Extracted records:
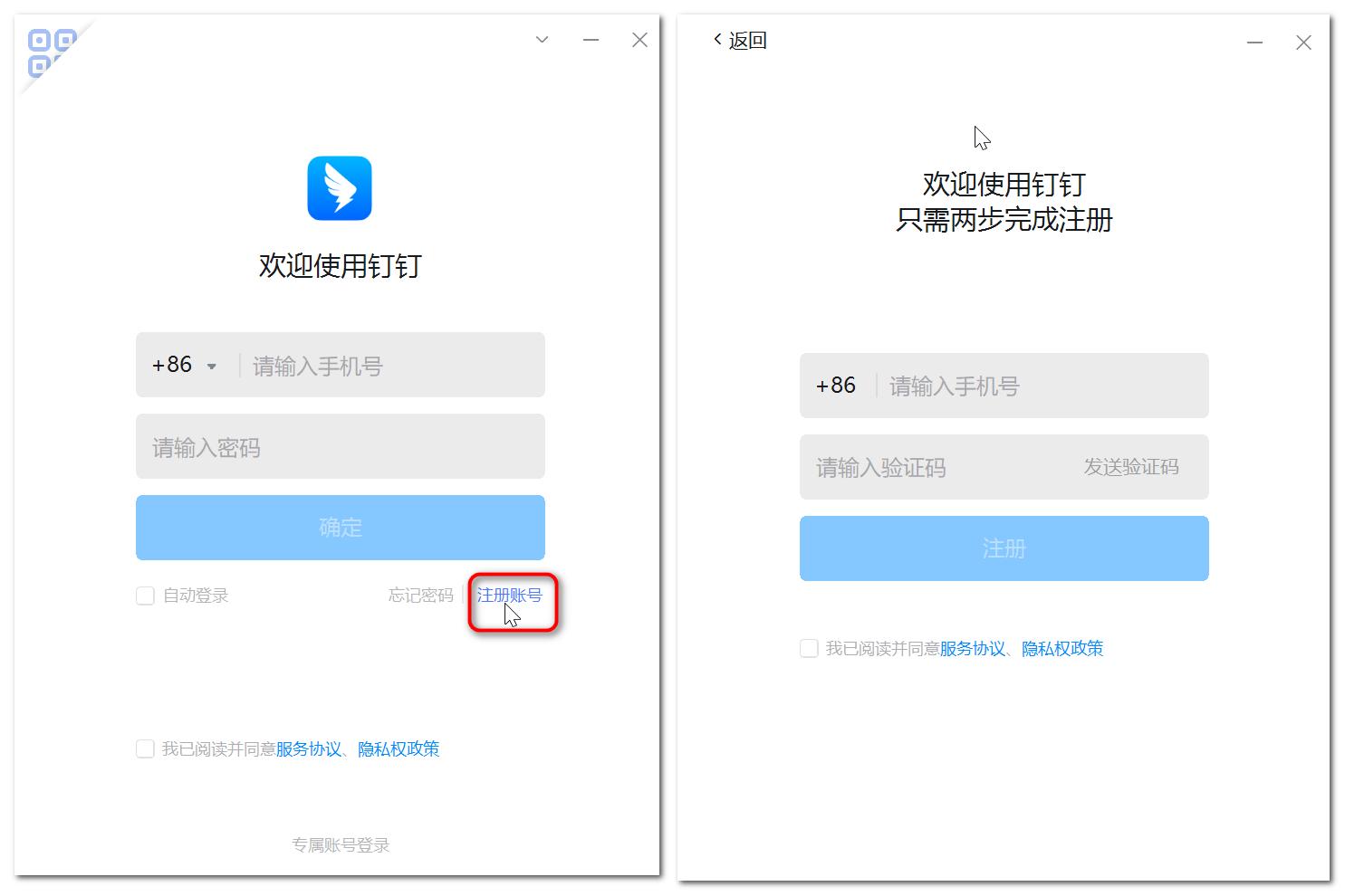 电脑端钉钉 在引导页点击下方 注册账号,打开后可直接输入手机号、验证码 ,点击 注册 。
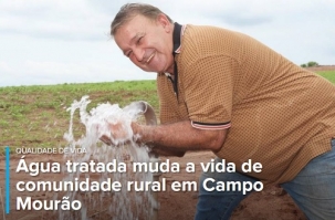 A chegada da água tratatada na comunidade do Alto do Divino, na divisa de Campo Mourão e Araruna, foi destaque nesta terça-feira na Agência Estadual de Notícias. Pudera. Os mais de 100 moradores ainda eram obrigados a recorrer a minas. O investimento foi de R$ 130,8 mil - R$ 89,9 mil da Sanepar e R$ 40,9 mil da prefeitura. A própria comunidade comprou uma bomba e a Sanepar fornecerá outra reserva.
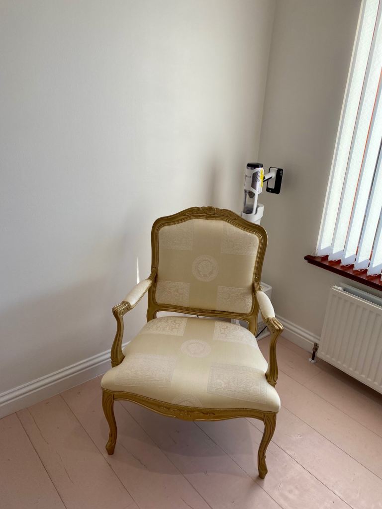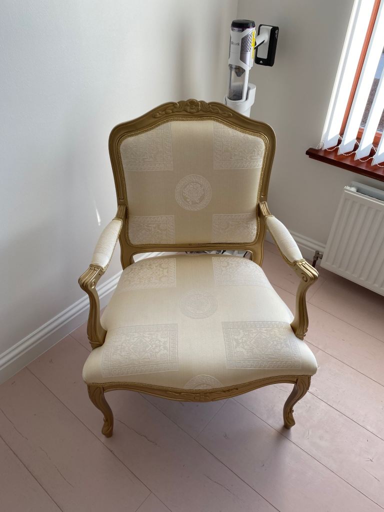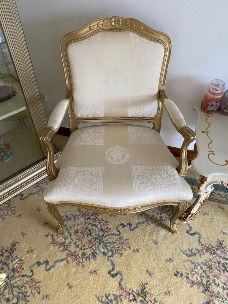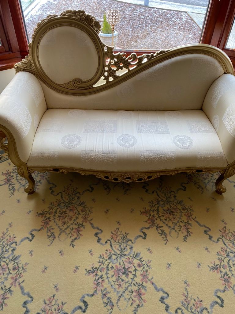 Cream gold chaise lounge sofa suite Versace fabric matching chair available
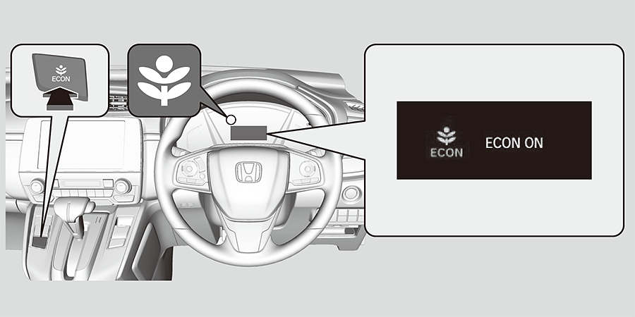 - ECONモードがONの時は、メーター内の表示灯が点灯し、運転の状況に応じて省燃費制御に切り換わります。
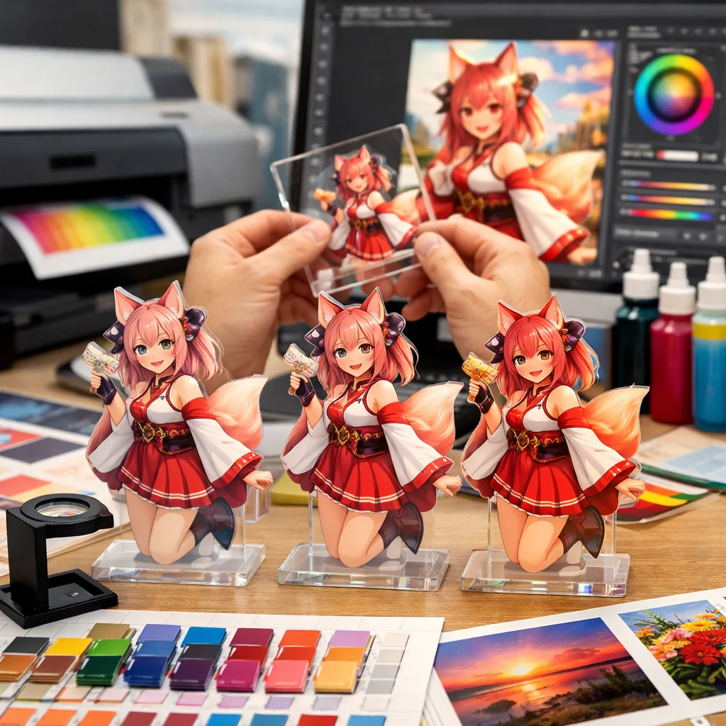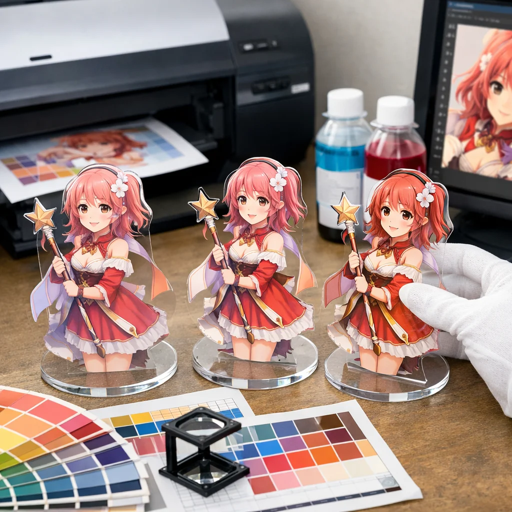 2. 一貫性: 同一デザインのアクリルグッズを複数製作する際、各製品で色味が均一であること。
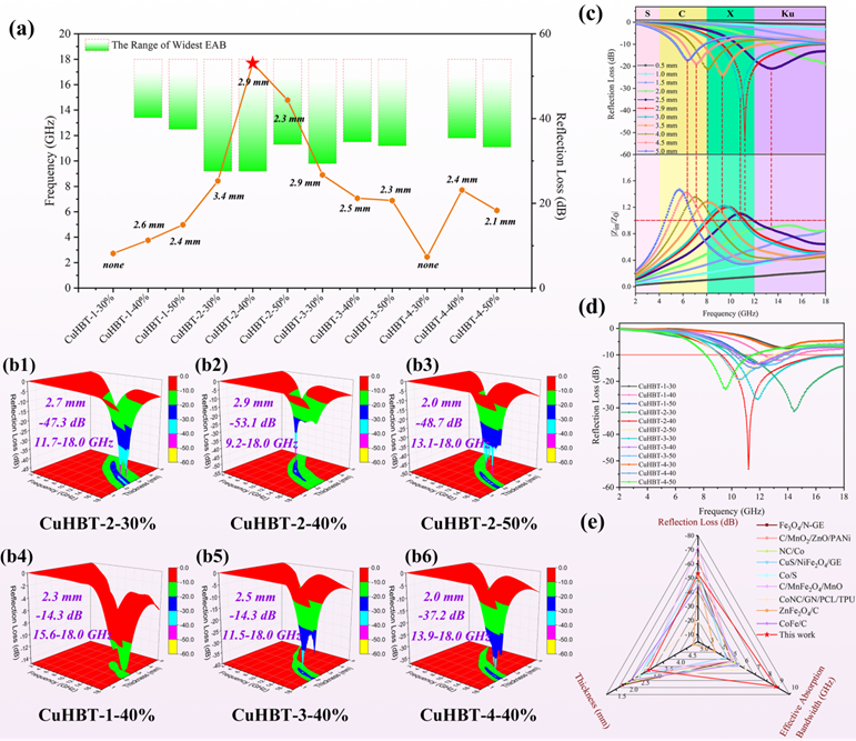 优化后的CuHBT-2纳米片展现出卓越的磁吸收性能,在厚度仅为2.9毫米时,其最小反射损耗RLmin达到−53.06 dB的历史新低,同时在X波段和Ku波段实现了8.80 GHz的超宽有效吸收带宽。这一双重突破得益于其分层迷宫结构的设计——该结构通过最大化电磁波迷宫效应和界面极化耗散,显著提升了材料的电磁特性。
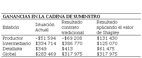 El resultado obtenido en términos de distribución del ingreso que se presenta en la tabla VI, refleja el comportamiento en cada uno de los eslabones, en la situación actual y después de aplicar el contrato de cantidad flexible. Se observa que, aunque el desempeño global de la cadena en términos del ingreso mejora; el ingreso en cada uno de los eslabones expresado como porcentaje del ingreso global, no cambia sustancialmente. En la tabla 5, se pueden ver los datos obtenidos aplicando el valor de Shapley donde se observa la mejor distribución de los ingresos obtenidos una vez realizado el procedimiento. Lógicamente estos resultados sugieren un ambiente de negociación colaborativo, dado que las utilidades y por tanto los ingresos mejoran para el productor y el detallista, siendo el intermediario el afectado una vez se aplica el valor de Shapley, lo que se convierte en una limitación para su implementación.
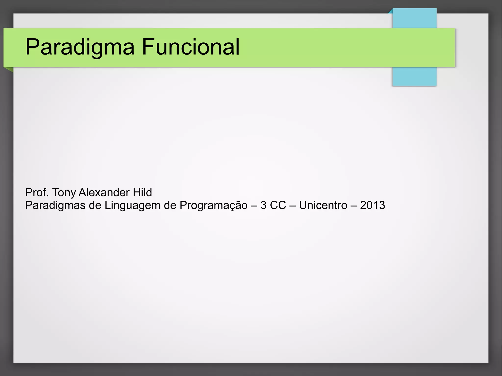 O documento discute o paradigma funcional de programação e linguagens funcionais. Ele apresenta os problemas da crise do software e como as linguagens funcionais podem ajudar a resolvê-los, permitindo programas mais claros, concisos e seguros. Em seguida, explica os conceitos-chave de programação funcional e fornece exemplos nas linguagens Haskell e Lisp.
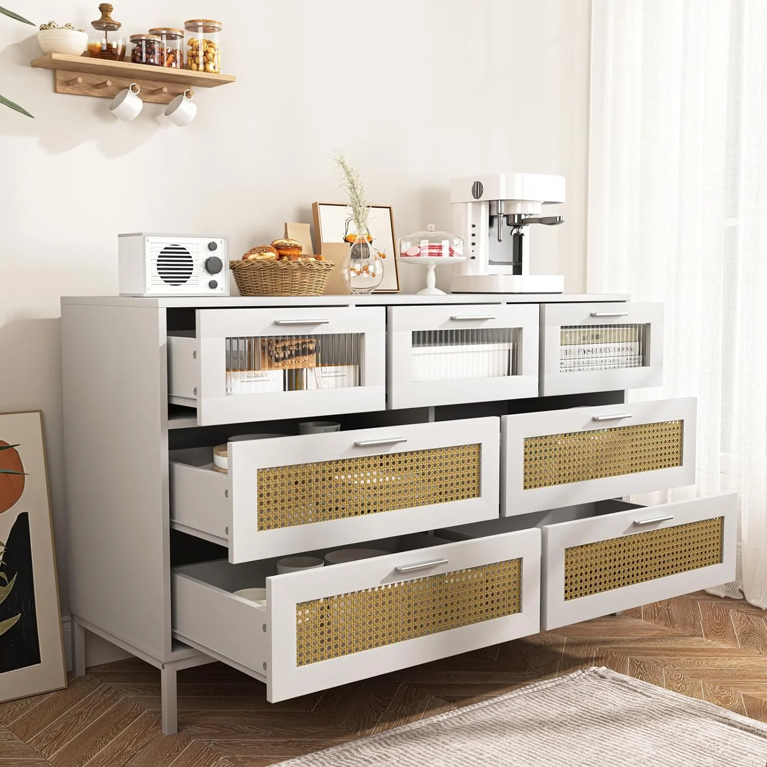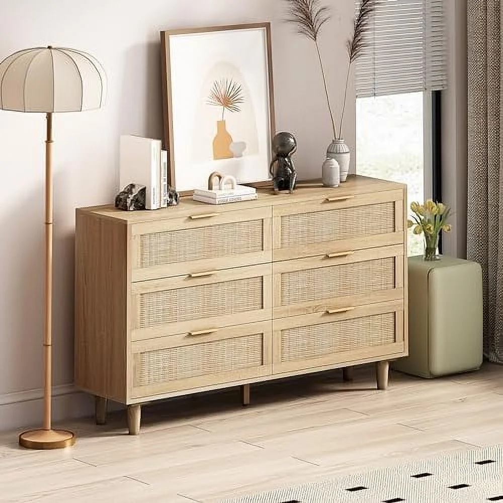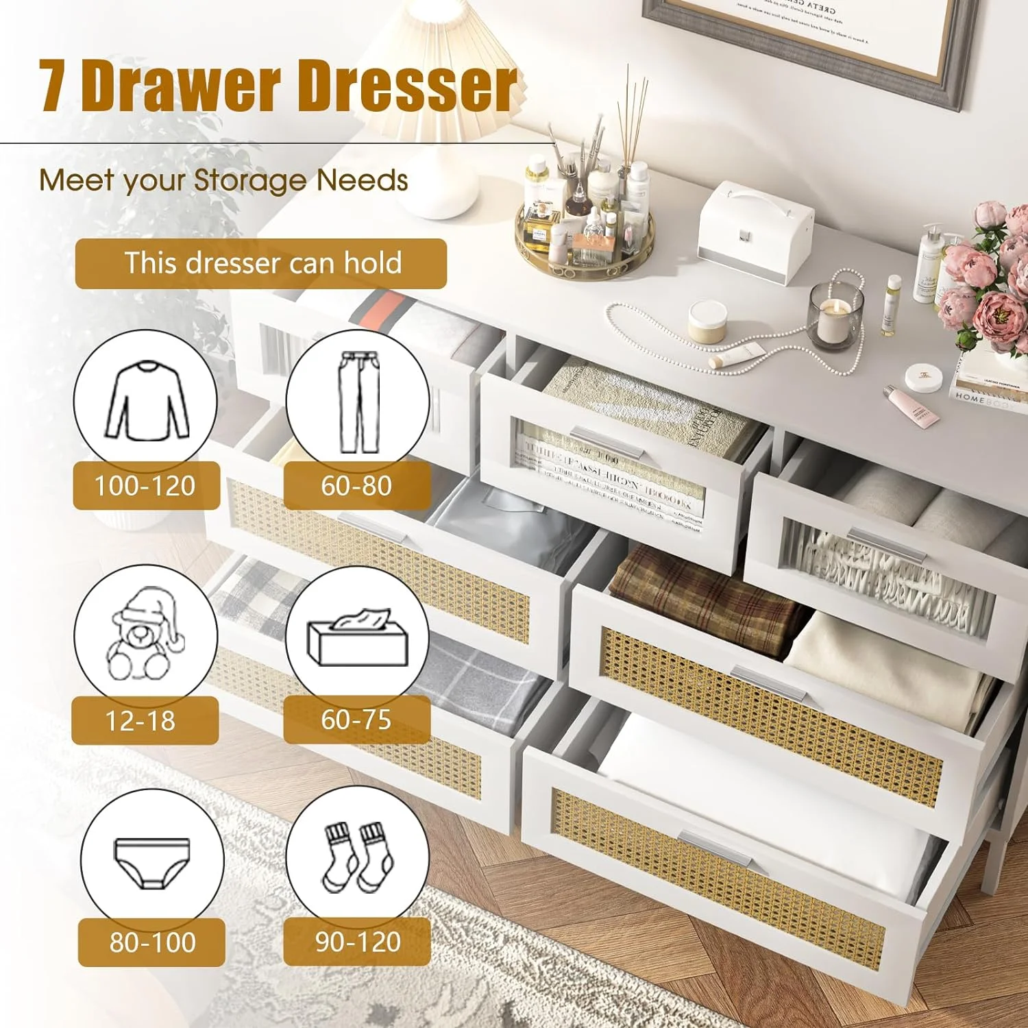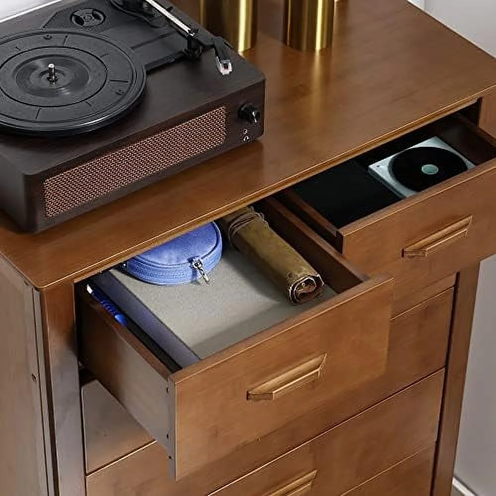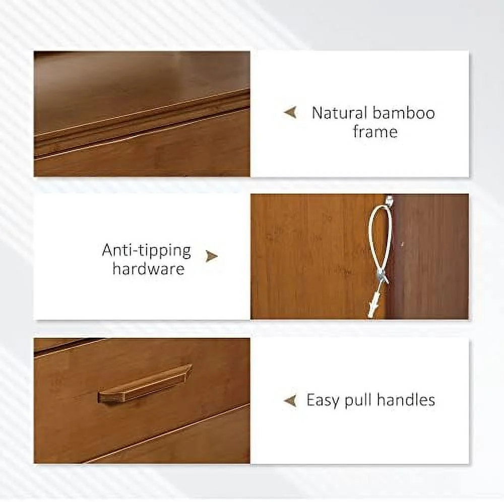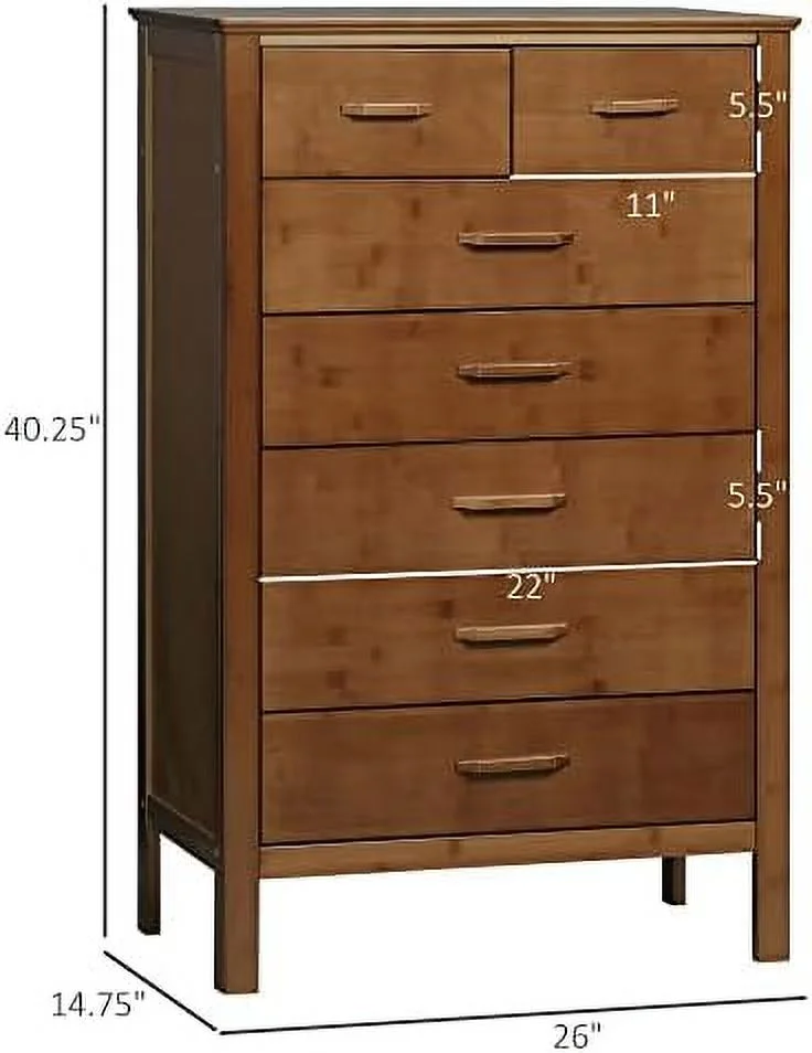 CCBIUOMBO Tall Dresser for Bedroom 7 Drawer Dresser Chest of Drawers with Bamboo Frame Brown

ACTIVITY — Please reproduce the records above exactly and leave any picture behind.

TASK ANSWER —
 电脑端钉钉 在引导页点击下方 注册账号,打开后可直接输入手机号、验证码 ,点击 注册 。
 A chegada da água tratatada na comunidade do Alto do Divino, na divisa de Campo Mourão e Araruna, foi destaque nesta terça-feira na Agência Estadual de Notícias. Pudera. Os mais de 100 moradores ainda eram obrigados a recorrer a minas. O investimento foi de R$ 130,8 mil - R$ 89,9 mil da Sanepar e R$ 40,9 mil da prefeitura. A própria comunidade comprou uma bomba e a Sanepar fornecerá outra reserva.
 Cream gold chaise lounge sofa suite Versace fabric matching chair available
 - ECONモードがONの時は、メーター内の表示灯が点灯し、運転の状況に応じて省燃費制御に切り換わります。
 2. 一貫性: 同一デザインのアクリルグッズを複数製作する際、各製品で色味が均一であること。
 优化后的CuHBT-2纳米片展现出卓越的磁吸收性能,在厚度仅为2.9毫米时,其最小反射损耗RLmin达到−53.06 dB的历史新低,同时在X波段和Ku波段实现了8.80 GHz的超宽有效吸收带宽。这一双重突破得益于其分层迷宫结构的设计——该结构通过最大化电磁波迷宫效应和界面极化耗散,显著提升了材料的电磁特性。
 El resultado obtenido en términos de distribución del ingreso que se presenta en la tabla VI, refleja el comportamiento en cada uno de los eslabones, en la situación actual y después de aplicar el contrato de cantidad flexible. Se observa que, aunque el desempeño global de la cadena en términos del ingreso mejora; el ingreso en cada uno de los eslabones expresado como porcentaje del ingreso global, no cambia sustancialmente. En la tabla 5, se pueden ver los datos obtenidos aplicando el valor de Shapley donde se observa la mejor distribución de los ingresos obtenidos una vez realizado el procedimiento. Lógicamente estos resultados sugieren un ambiente de negociación colaborativo, dado que las utilidades y por tanto los ingresos mejoran para el productor y el detallista, siendo el intermediario el afectado una vez se aplica el valor de Shapley, lo que se convierte en una limitación para su implementación.
 O documento discute o paradigma funcional de programação e linguagens funcionais. Ele apresenta os problemas da crise do software e como as linguagens funcionais podem ajudar a resolvê-los, permitindo programas mais claros, concisos e seguros. Em seguida, explica os conceitos-chave de programação funcional e fornece exemplos nas linguagens Haskell e Lisp.
 CCBIUOMBO Tall Dresser for Bedroom 7 Drawer Dresser Chest of Drawers with Bamboo Frame Brown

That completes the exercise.